LLM & Agent Observability — structured tracing, Prometheus metrics, and OpenTelemetry export via Python decorators
Project description
Rastir
LLM & Agent Observability for Python
Structured tracing and Prometheus metrics via decorators — no monkey-patching, no vendor lock-in.
Why Rastir?
Most LLM observability tools require SDK wrappers, monkey-patching, or vendor-specific clients. Rastir takes a different approach:
- Decorators, not wrappers — add
@llm,@agent,@toolto your existing functions. No code rewrites. - Adapters, not monkey-patches — Rastir inspects return values to extract model, tokens, and provider metadata. Works with any SDK version.
- Two-phase enrichment — model/provider metadata is captured from function arguments before the call and refined from the response after.
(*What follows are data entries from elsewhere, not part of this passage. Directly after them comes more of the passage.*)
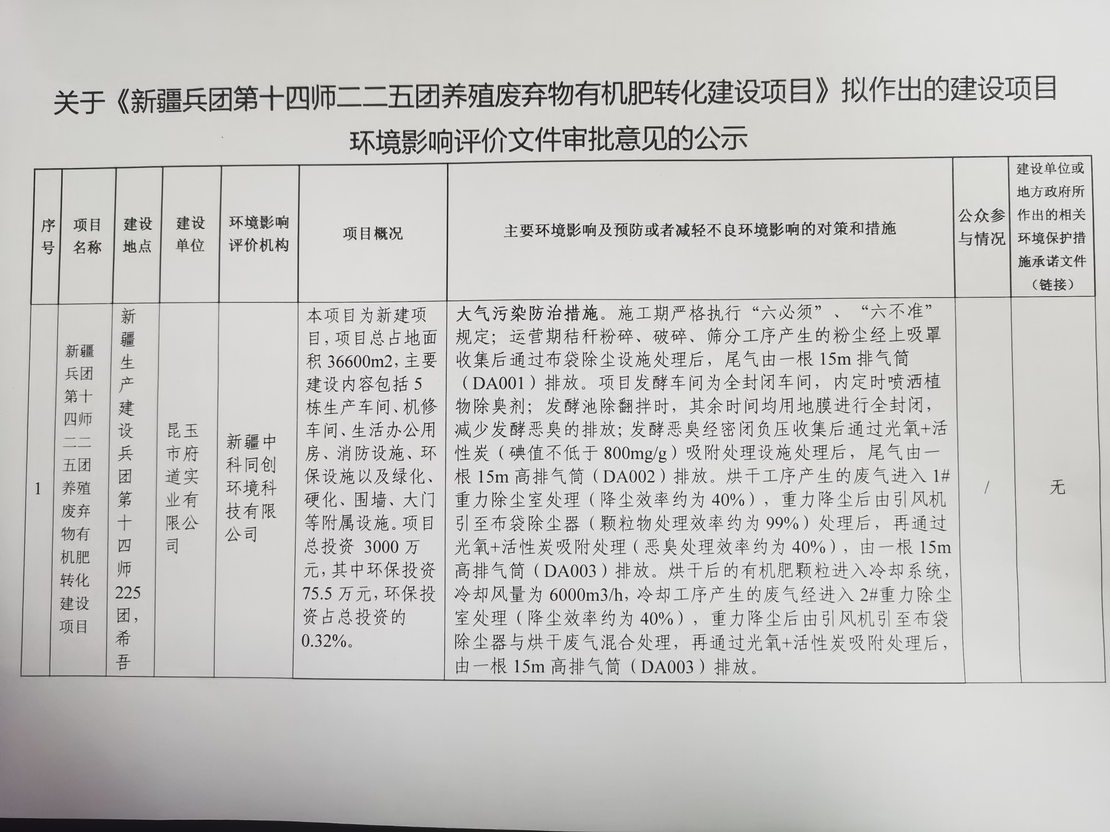 关于《新疆兵团第十四师二二五团养殖废弃物有机肥转化建设项目》拟作出的建设项目环境影响评价文件审批意见的公示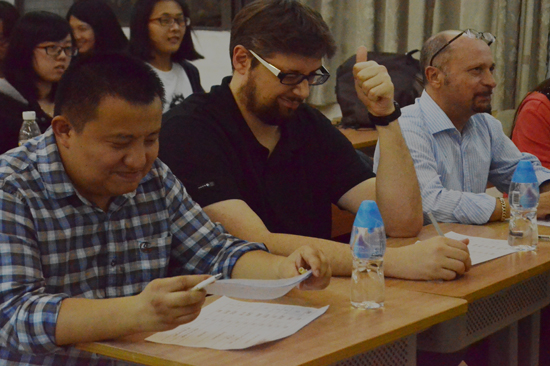 外教评委认真聆听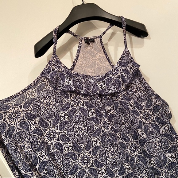 There are adjustable straps. There is short slifs on either side. Ruffles on the chest and cinched at the waist for a flattering look.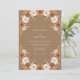 This design features an earthy camel backdrop adorned with a romantic arrangement of watercolor roses in creamy white and warm rust tones. Delicate sprays of autumnal foliage and small white blossoms create a natural, bohemian aesthetic. Ideal for a rustic fall event, the palette evokes warmth and sophisticated woodland charm.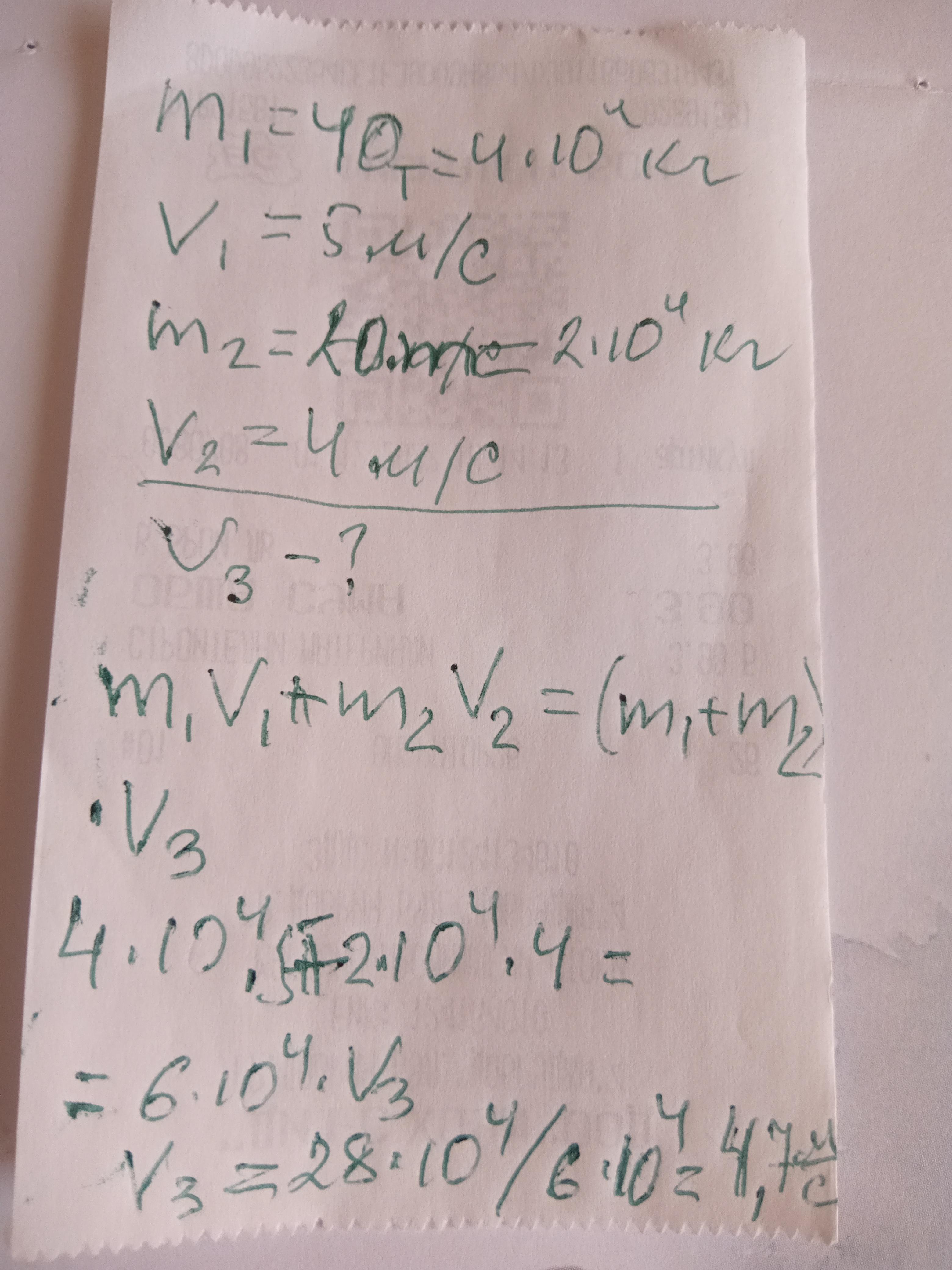 Два вагони, що рухаються назустріч один одному, зіткнулись та зчепились. Визначіть швидкість та напрямок руху такого зчеплення, якщо перший вагон масою 40 т рухався праворуч зі швидкістю 5 м/с, а другий вагон масою 20 т рухався ліворуч зі швидкістю 4 м/с. Втратами енергії під час руху та зіткнення знехтуйте.

If the API call fails, metadata still survives.
- Self-hosted collector — a lightweight FastAPI server you own. Prometheus metrics out of the box, OTLP export to Tempo/Jaeger if you want it.
- Zero external infrastructure — no database, no Redis, no Kafka. The collector is stateless and runs in a single container.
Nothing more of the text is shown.